=== Section Start ===

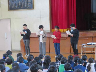 また、1年生と3年生の代表児童による作文発表では、これまでの振り返りとこれからの抱負などが発表されました。これらの講話や発表をとおして全校児童が安全で充実した冬休みを過ごし、1月7日(水)に元気に登校することを確認しました。
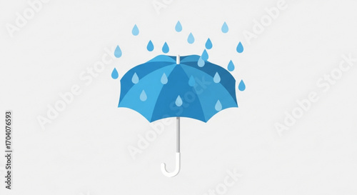 Blue umbrella with raindrops falling, symbolizing protection from the rain, a simple and clean vector illustration
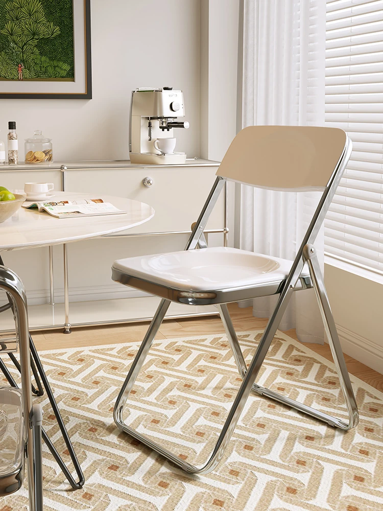 クリアアクリル折りたたみ椅子 - ファッション店の撮影に最適!おしゃれなインスタ風のデザインで、家庭用にもぴったりなシンプルなダイニングチェア。おしゃれと機能性を兼ね備えた一品です!
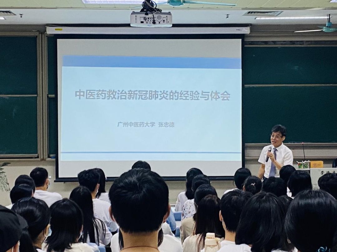6月6日下午,167net必赢入口副校长张忠德(人称"德叔")以《中医药救治新冠肺炎的经验与体会》为主题,为167net必赢入口2021级中医学专业学生开展专题分享,近百名师生代表在现场参加讲座。
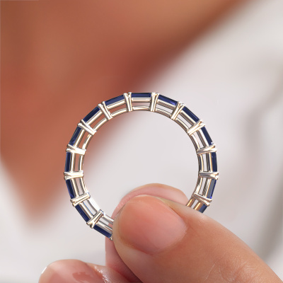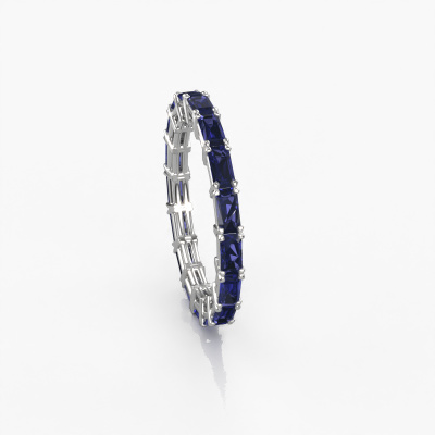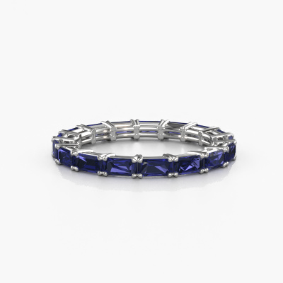 This is our Vivienne EME 4x2 ring. This specific type is called an eternity ring and it is set with a continuous line of identically cut gemstones. The ring is made in 14 Carat white gold and is set with small sapphire, 4x2 mm. The amazing sapphire are identical in size and are set in the ring band. Our sapphire are selected with great care so they are identical, which gives the best result. In order to get the best result, our artisans position all sapphire by hand with the utmost care. Our Goldsmiths have one ambition, which is creating the perfect ring. That is why we love what we do. In the end you get a stunning modern white gold stackable ring with a row of sapphire which seem to have no beginning nor end. The perfect symbol of your undying love for her! How special is that!By using our modern techniques, we can design and customize the finest quality jewels with the utmost care for you. Our rings are always priced 30 percent lower than other jewelers. We make rings to order, so we don't have to maintain a large stock. If you have a certain budget, we are more than happy to advice you accordingly.New jewelry designs are added to our online collection daily. Our team of passionate designers strive to create extraordinary and diverse designs. Have you seen a ring you like? Please feel free to contact us. Based on a good price/ quality ratio, we will make you an offer you can't refuse!To make it easier for you, we offer a 30 day return policy. Check our terms and conditions.
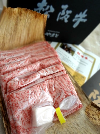 届いたお肉には、松阪牛であることの証明書、パンフレット、すき焼きの食べ方の説明書などが同封されており、お肉も見事な霜降りで一枚一枚丁寧にシートに包んであり食べる前の楽しみが倍増しました。
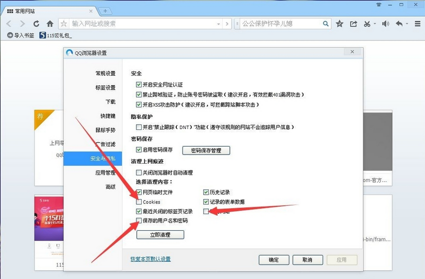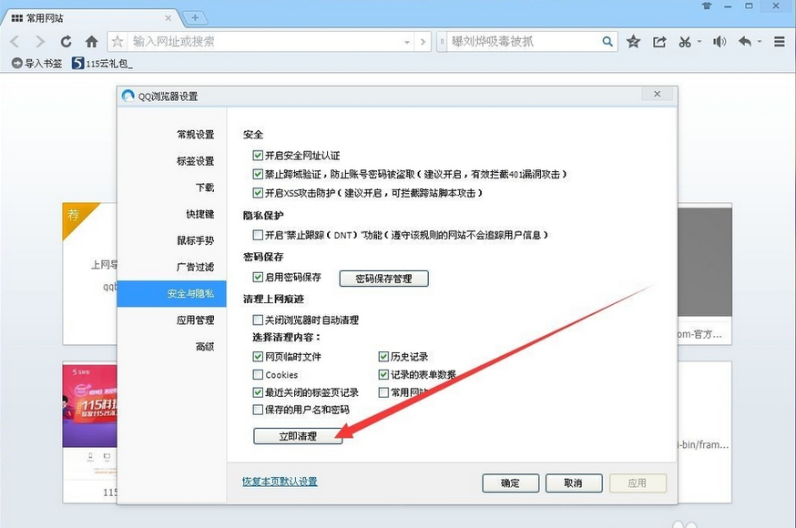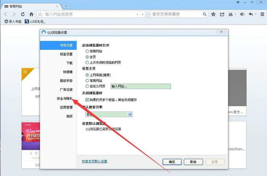 4、还有就是要想具体的清除痕迹,可以点一下设置,然后找到,安全和隐私点一下进入!
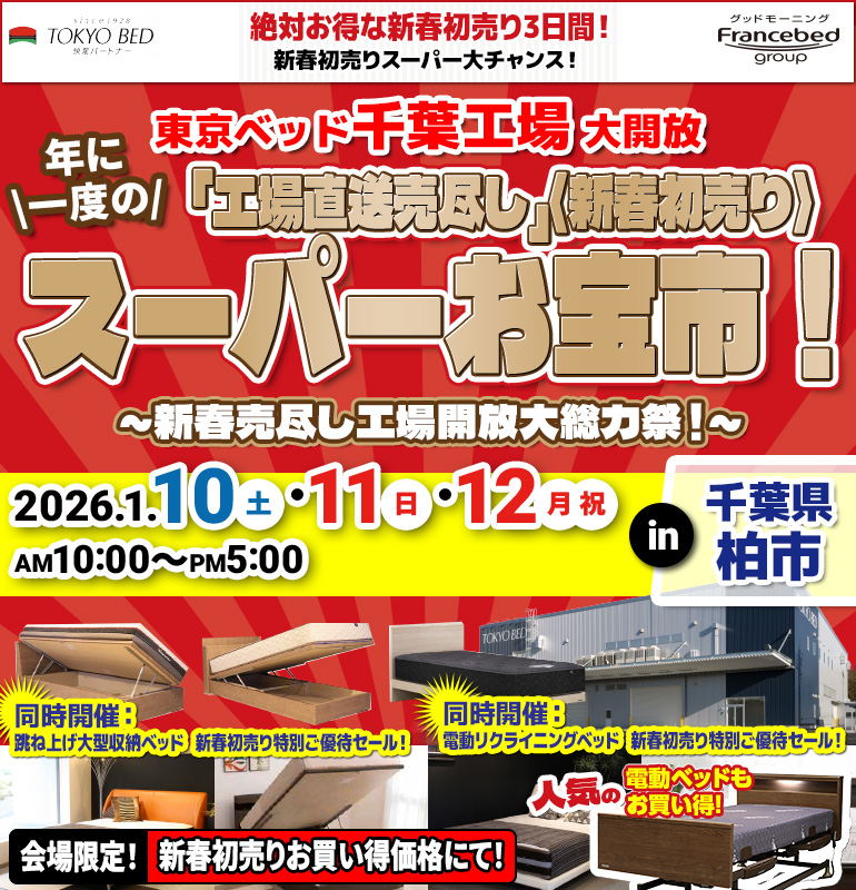 - <年に一度の> 東京ベッド千葉工場大開放市 「工場直送売尽し」<新春初売り>スーパーお宝市!

=== Section End ===

[EXERCISE OBJECTIVE]:
Reproduce the records above exactly, but only from the line containing "6月6日下午,167net必" through the last line, both included, and without any pictures.

[RESPONSE FOR THIS EXERCISE]:
6月6日下午,167net必赢入口副校长张忠德(人称"德叔")以《中医药救治新冠肺炎的经验与体会》为主题,为167net必赢入口2021级中医学专业学生开展专题分享,近百名师生代表在现场参加讲座。
 This is our Vivienne EME 4x2 ring. This specific type is called an eternity ring and it is set with a continuous line of identically cut gemstones. The ring is made in 14 Carat white gold and is set with small sapphire, 4x2 mm. The amazing sapphire are identical in size and are set in the ring band. Our sapphire are selected with great care so they are identical, which gives the best result. In order to get the best result, our artisans position all sapphire by hand with the utmost care. Our Goldsmiths have one ambition, which is creating the perfect ring. That is why we love what we do. In the end you get a stunning modern white gold stackable ring with a row of sapphire which seem to have no beginning nor end. The perfect symbol of your undying love for her! How special is that!By using our modern techniques, we can design and customize the finest quality jewels with the utmost care for you. Our rings are always priced 30 percent lower than other jewelers. We make rings to order, so we don't have to maintain a large stock. If you have a certain budget, we are more than happy to advice you accordingly.New jewelry designs are added to our online collection daily. Our team of passionate designers strive to create extraordinary and diverse designs. Have you seen a ring you like? Please feel free to contact us. Based on a good price/ quality ratio, we will make you an offer you can't refuse!To make it easier for you, we offer a 30 day return policy. Check our terms and conditions.
 届いたお肉には、松阪牛であることの証明書、パンフレット、すき焼きの食べ方の説明書などが同封されており、お肉も見事な霜降りで一枚一枚丁寧にシートに包んであり食べる前の楽しみが倍増しました。
 4、还有就是要想具体的清除痕迹,可以点一下设置,然后找到,安全和隐私点一下进入!
 - <年に一度の> 東京ベッド千葉工場大開放市 「工場直送売尽し」<新春初売り>スーパーお宝市!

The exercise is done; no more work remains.